Data were analyzed from 3,777 patients in the Japanese Biliary Atresia Registry (1989–2021). Incidence and treatment of PH were examined in all patients and in 20-year native liver survivors. A subgroup of 596 jaundice-free native liver survivors was divided into three groups: without PH (A), untreated PH (B), and treated PH (C). Patient characteristics, clinical outcomes, and survival analyses were performed.

Results

PH occurred in 46.4% of all patients, with gastroesophageal varices (35.1%) and hypersplenism (36.8%) being most common. Among 759 20-year native liver survivors, 49.8% had PH, largely diagnosed between 2 and 15 years. Group C patients were older at Kasai portoenterostomy and had more cholangitis.

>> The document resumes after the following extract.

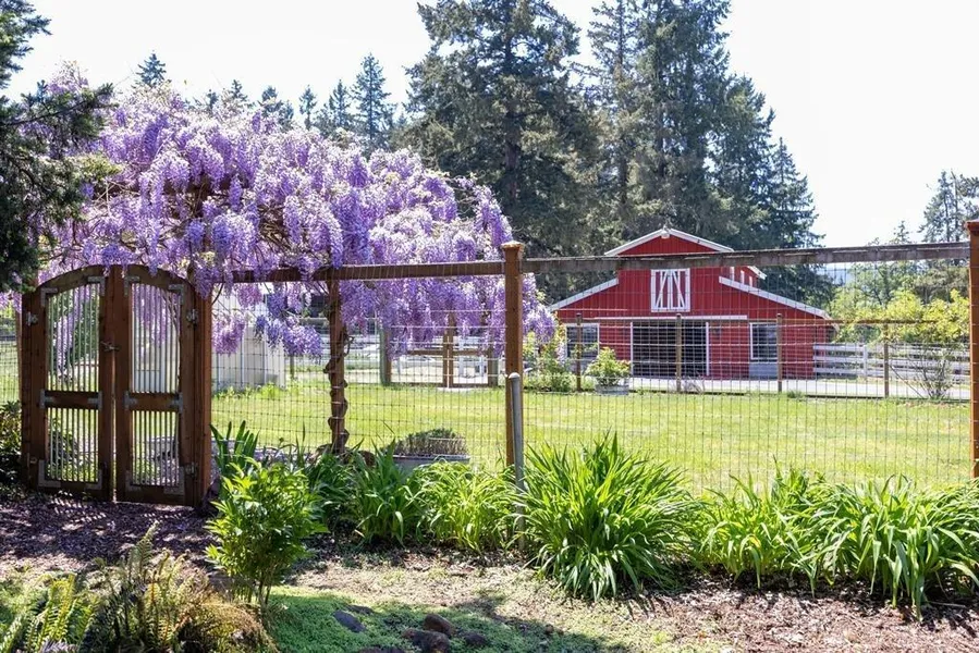 The fenced garden offers a greenhouse and includes established raspberries, blueberries, and beautiful flowering wisteria and clematis. Fruit trees include apple and cherry.

Survival analysis showed best outcomes in group A and worst in group C. Conditional native liver survival analysis revealed group B initially had better NLSRs than group C, but differences diminished beyond 15 years.

Conclusion

In native liver survivors without jaundice following KP, PH influenced prognosis, but successful treatment enabled long-term survival comparable to patients with mild or no PH.